Bobby Holley, the chief technology officer of Firefox, said in the same post there was not a class of vulnerability that humans can spot but the model misses. In other words, the model is "every bit as capable" as elite human security researchers, he said.

The U.K.'s AI Security Institute came to a similar conclusion in an April 13 evaluation. The institute runs simulated corporate networks and directs AI models to attack them, then measures how far each model gets.

Its hardest test breaks the attack into 32 steps, starting with reconnaissance (mapping out the target network) and ending in full takeover. The institute estimates a human security professional needs about 20 hours to complete all 32.

Mythos is the first AI model the institute has seen complete all 32 steps. It did so in three of 10 attempts.

Across all its attempts, the model completed an average of 22 steps. Claude Opus 4.6, the next-best model tested, averaged 16.

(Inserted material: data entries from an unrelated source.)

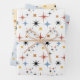 Vintage 1950s mid-century modern style atomic star pattern wrapping paper in gender-neutral colours, suitable for any occasion.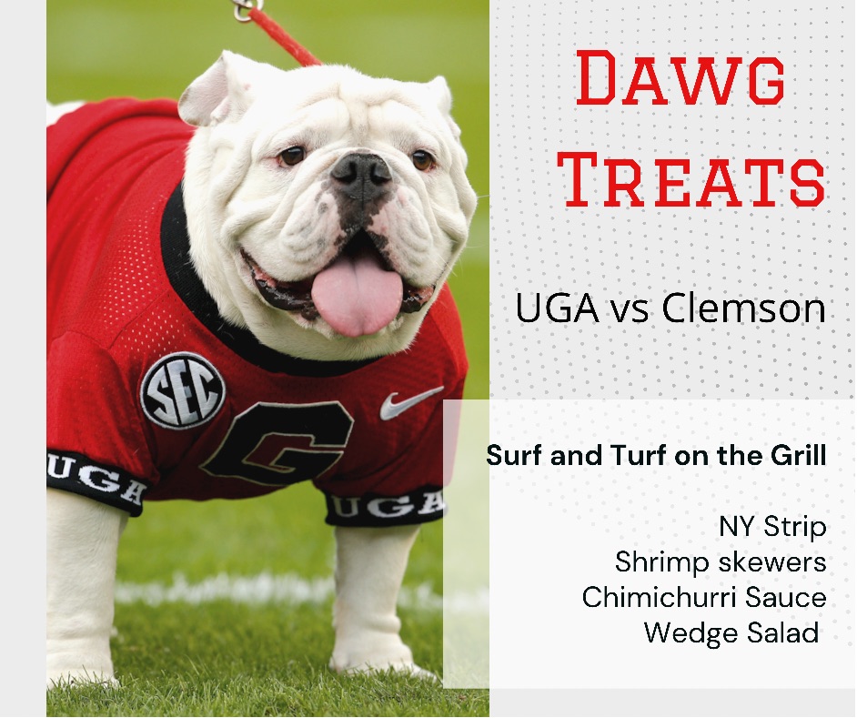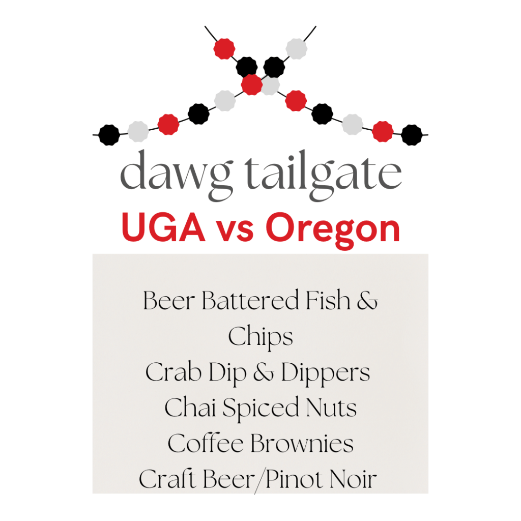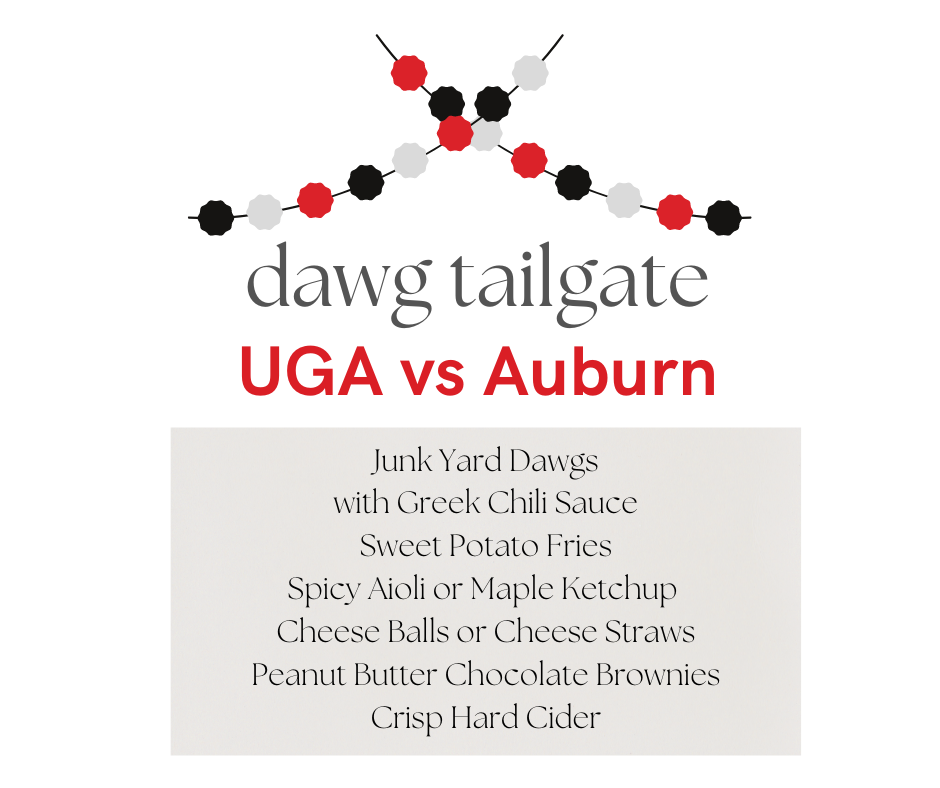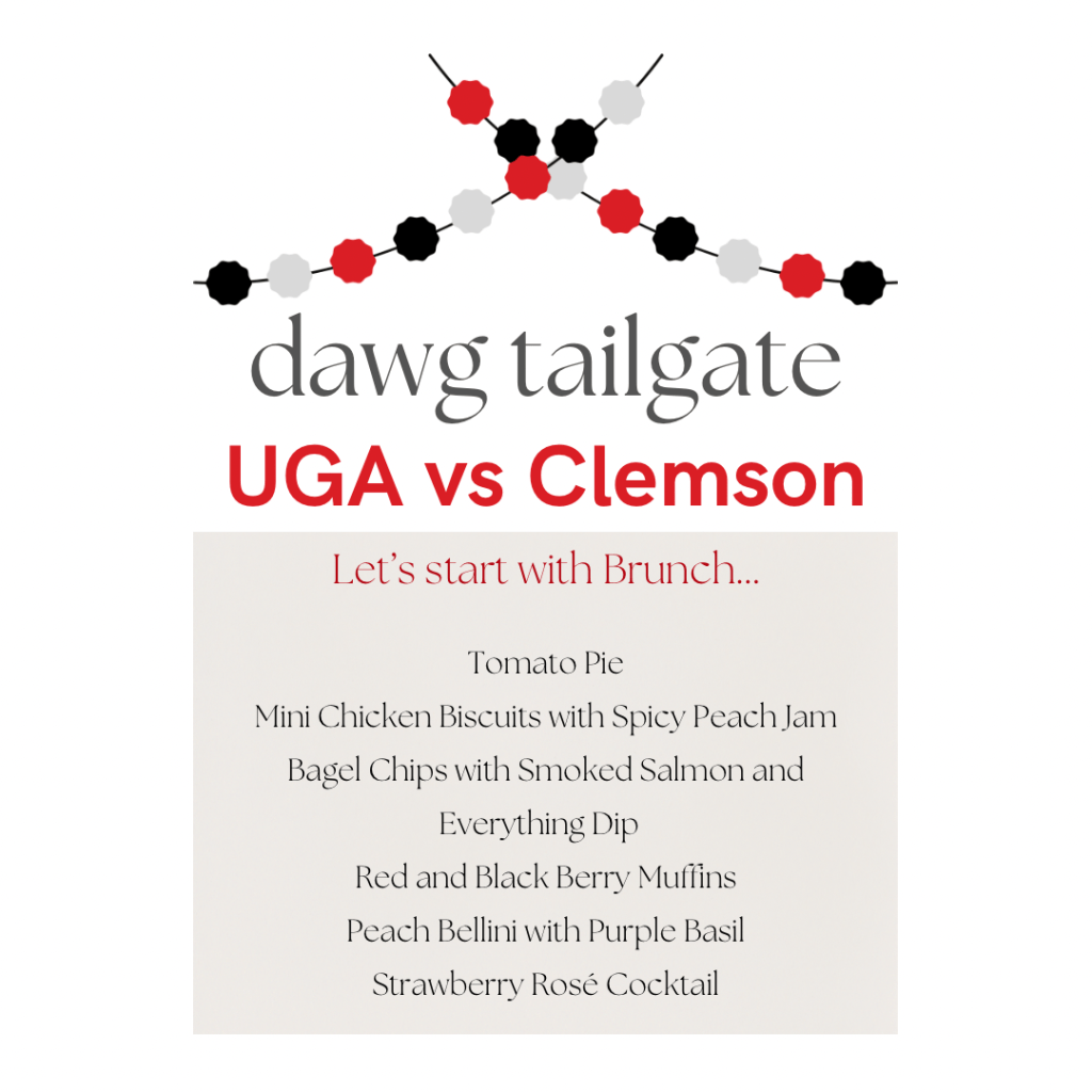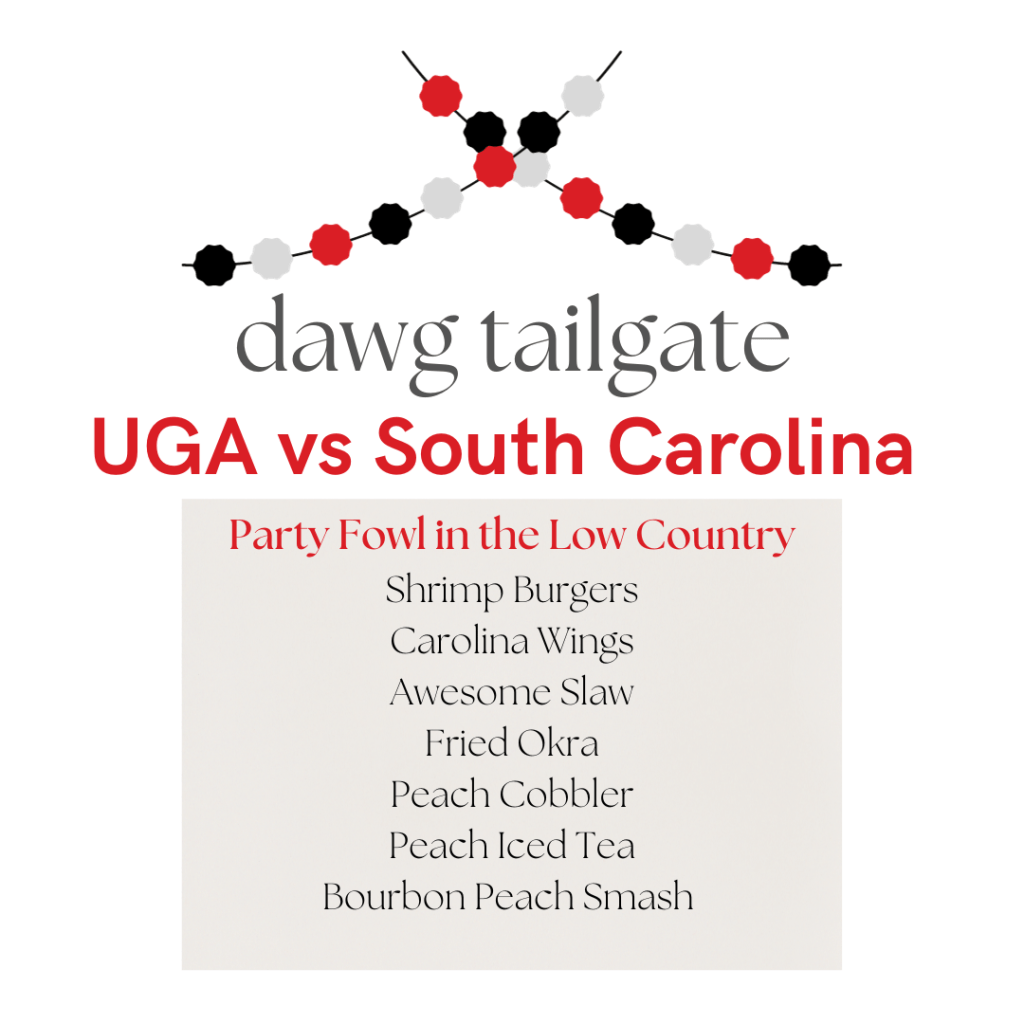 For years, I have been planning game day spreads for family and friends as we cheer for the Dawgs Between the Hedges, in our family room, and even across oceans thanks to Zoom. I want to inspire you to spend Saturday with people you love cheering for your favorite team. Message me if I can create a custom menu for your big game!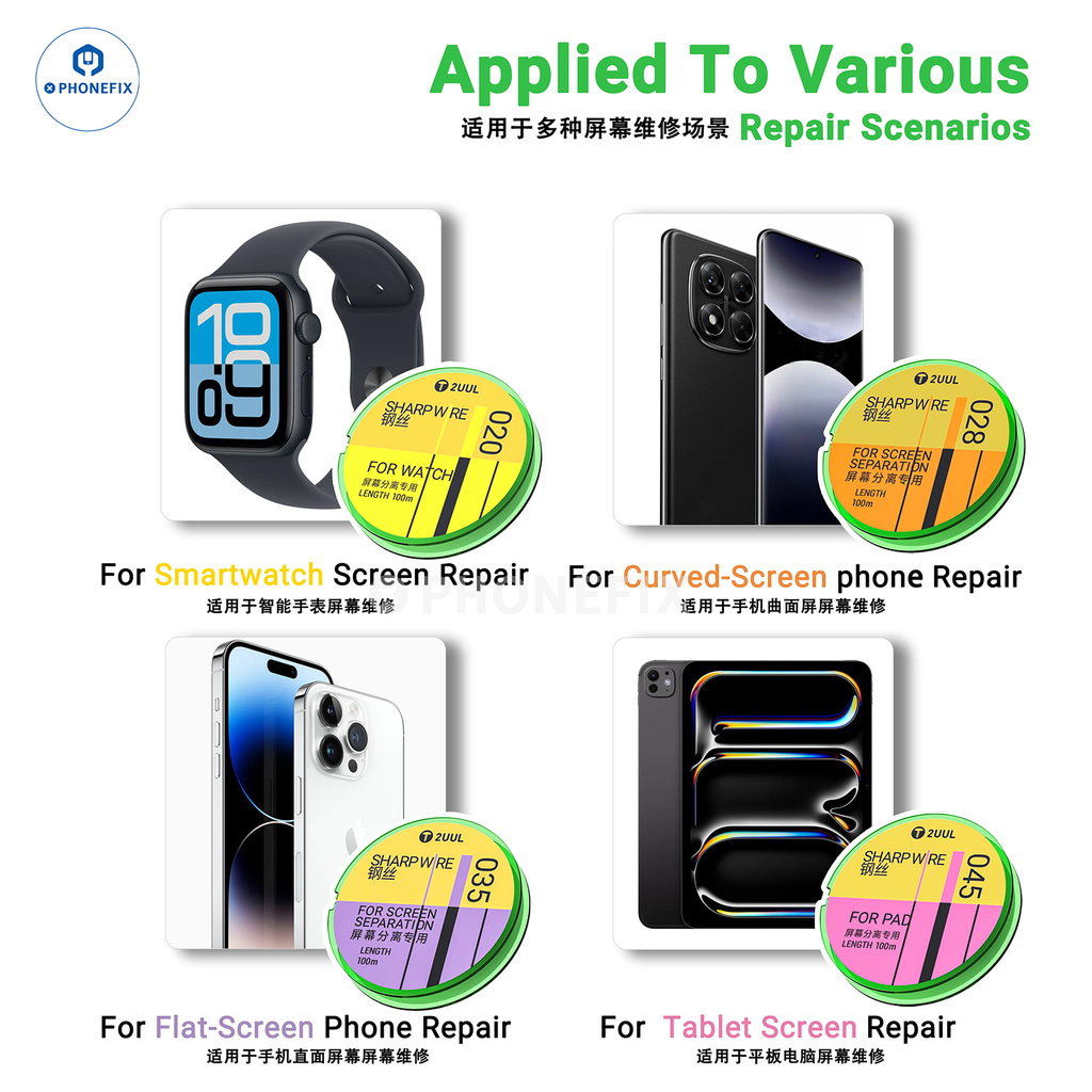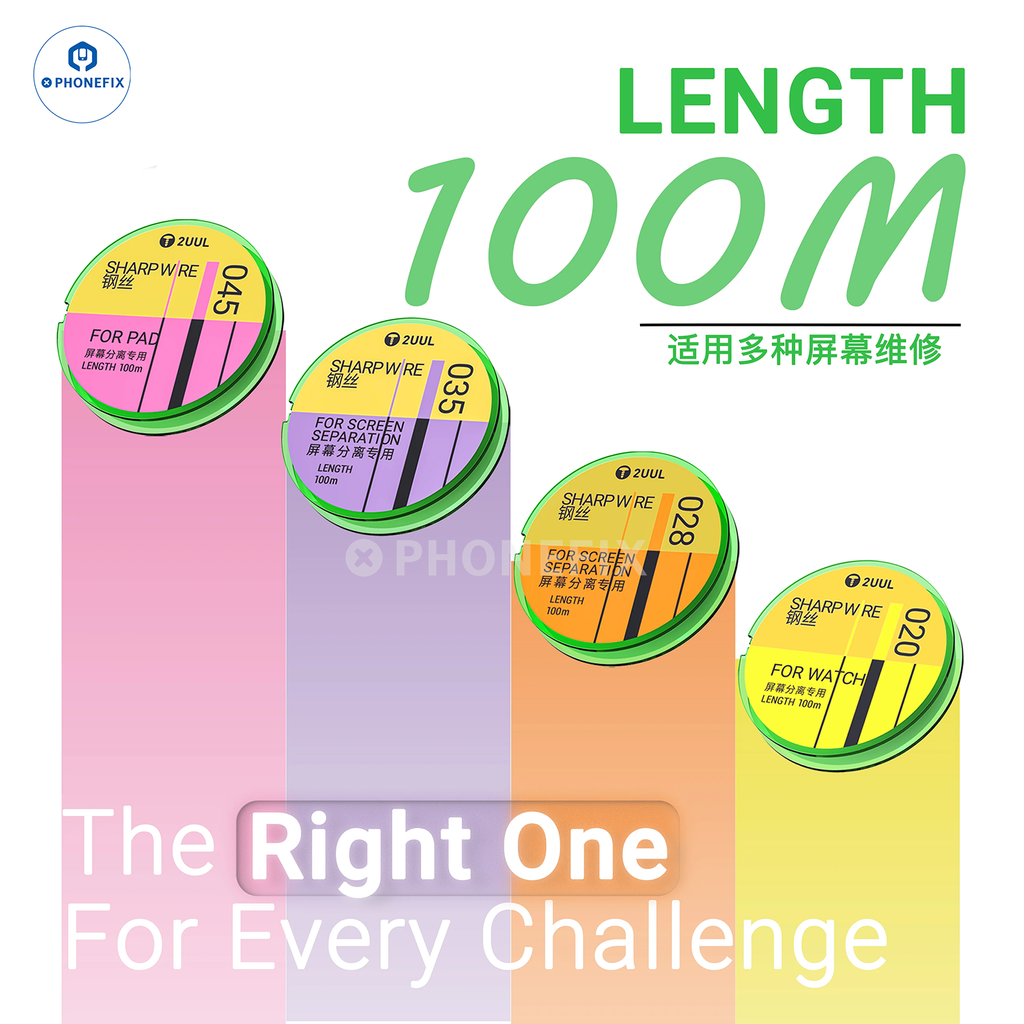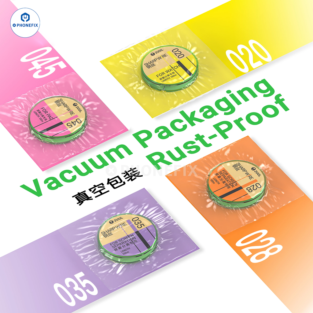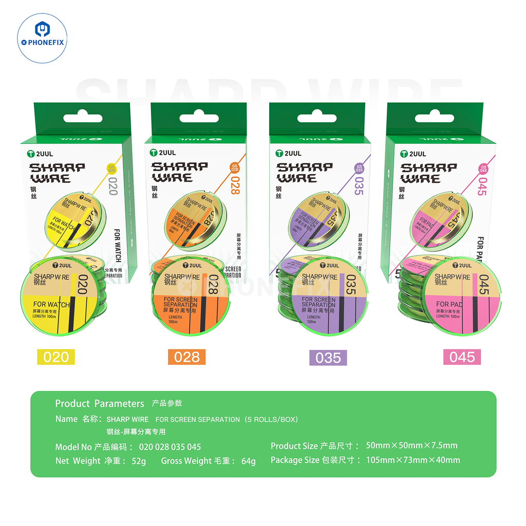 2UUL GS020 GS028 GS035 GS045 Sharp Wire for Screen Separation. 2UUL 0.02mm 0.028mm, 0.035mm, 0045mm screen separation wire features a strong tensile strength design to ensure smooth screen separation. Vacuum-packed, each box contains 5 rolls of different models of separation wire. Each model provides an optimal repair solution for different screen types, suitable for various screen repair scenarios, including smartwatches, mobile phones, tablets, etc.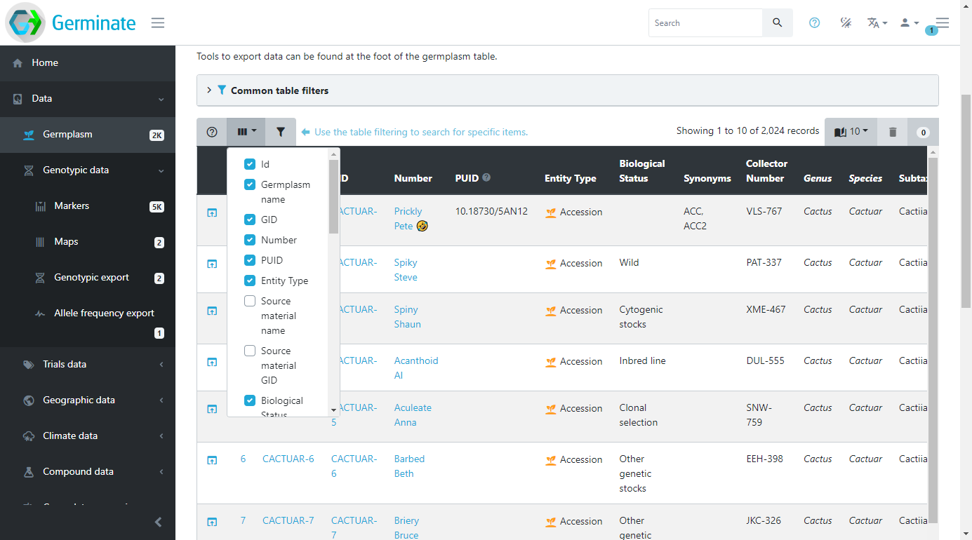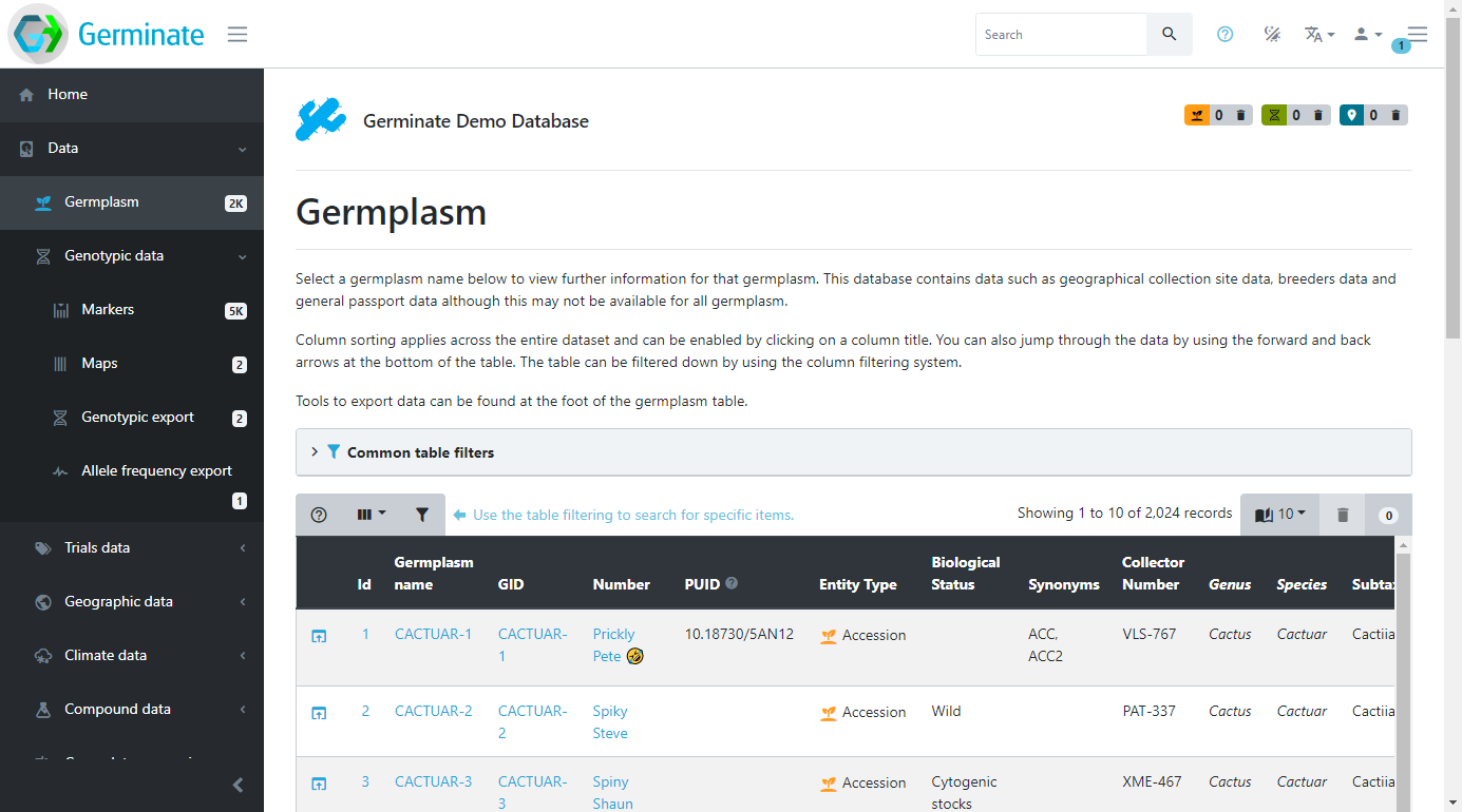 We will use the Germinate demo database in this instance (you should have it bookmarked but if not you can access it here). The demo database contains real data but we have anonymised it and assigned a fictional plant species, the Cactuar. We have done this because all projects are different and Germinate supports more data types than projects generally contain. The demo database has all data types we support along with all features available to users to try out in a safe environment.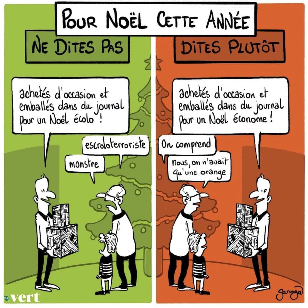 Pour Aurélie, la «bataille, c’est les jeux d’occasion pour les enfants pour éviter la surconsommation.» Elle explique à Vert : «Je demande à mes proches d’acheter d’occasion plutôt que neuf, ça engendre forcément une discussion sur la consommation.» Un autre moyen de parler écologie à Noël, que vous êtes plusieurs à mentionner.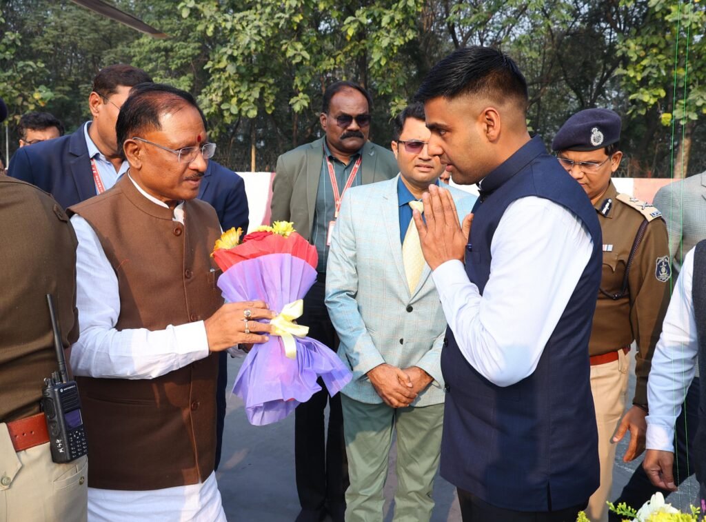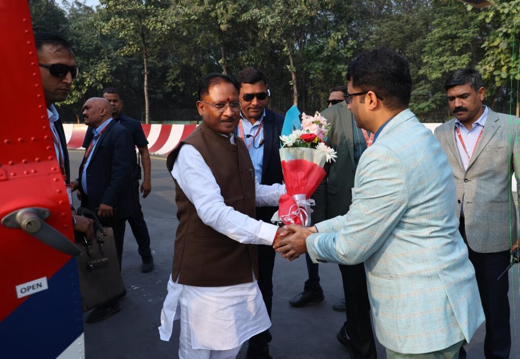 मुख्यमंत्री विष्णु देव साय ओ पी जिंदल एयर स्ट्रीप रायगढ़ पहुँचे ..

What the IMF wants supervisors to do

The prescriptions for supervisors in last week's IMF post draw heavily from the January staff paper that offers the potential policy road map, updated for an AI threat environment.

The fund's post called cyber stress testing, scenario analysis and board-level oversight of cyber risk "indispensable components of financial stability frameworks."

It pushed for tighter oversight of third parties and supply chains, citing concentration in cloud providers, software platforms and AI models as systemic risks.

It urged public-private collaboration on threat intelligence and incident response, and it called for containment controls (network segmentation and similar barriers) to stop a local breach from escalating into a system-wide disruption.

The post also flagged that banks and regulators should deploy AI as a defensive tool, citing OpenAI's GPT-5.5 cyber program, released broadly on April 23 with expanded cybersecurity capabilities limited to vetted security researchers, as an example of putting AI cyber tools in defenders' hands under controlled access.

The capabilities of an AI model matter just as much as who gets access to it, according to the fund.

Concentration and cross-border exposure

AI-assisted attacks "can propagate across sectors that rely on the same infrastructure," the fund said, alluding to the concentration risks that financial firms face as vendors consolidate cloud services, core bank software and other markets upon which banks heavily rely.

A bank can harden its own systems and still get hit through one of those consolidated platforms.

Attackers also go for weaker targets, so emerging and developing economies bear more of this risk, the post said. That matters for U.S. banks with correspondent relationships and overseas payment exposure.

The post closes with a question financial authorities will have to answer: Can the global financial system "continue to function under severe stress" posed by systemic risks such as Mythos?

A month after pulling a handful of bank CEOs into a closed-door meeting over the AI model, U.S. supervisors have not published their own guidance.